→ Dataset content
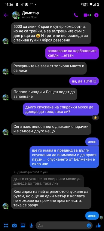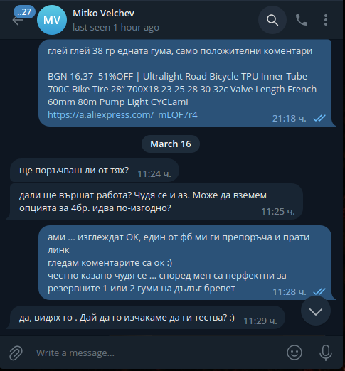 Later, another fellow cyclist, Dimitar, strongly recommended these new TPU tires to me in the Facebook chat. He said he had been using them for a year and a half:![]()
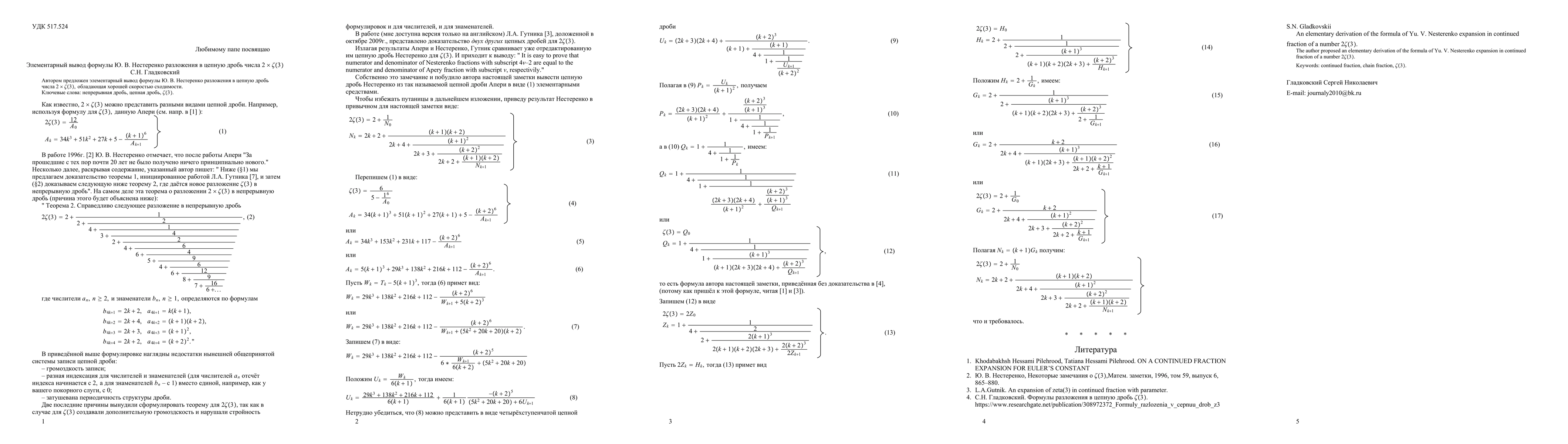 The author proposed an elementary derivation of the formula of Yu.V. Nesterenko expansion in continued fraction of a number 2*$\zeta(3)$.
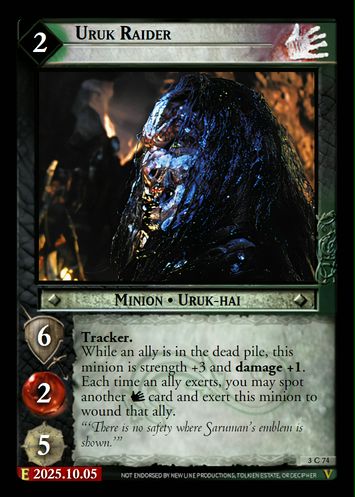 Several issues had lingered long enough from the release of set V2 (notably Gandalf, Lathspell, whose previous nerf was not sufficient), and some of the recent errata needed their brakes pumped, notably Uruk Raider who was too good at his anti-ally role.

→ To do
Every line above must appear in the answer unchanged, and no picture may appear in it.

→ Output below
 Later, another fellow cyclist, Dimitar, strongly recommended these new TPU tires to me in the Facebook chat. He said he had been using them for a year and a half:![]()
 The author proposed an elementary derivation of the formula of Yu.V. Nesterenko expansion in continued fraction of a number 2*$\zeta(3)$.
 Several issues had lingered long enough from the release of set V2 (notably Gandalf, Lathspell, whose previous nerf was not sufficient), and some of the recent errata needed their brakes pumped, notably Uruk Raider who was too good at his anti-ally role.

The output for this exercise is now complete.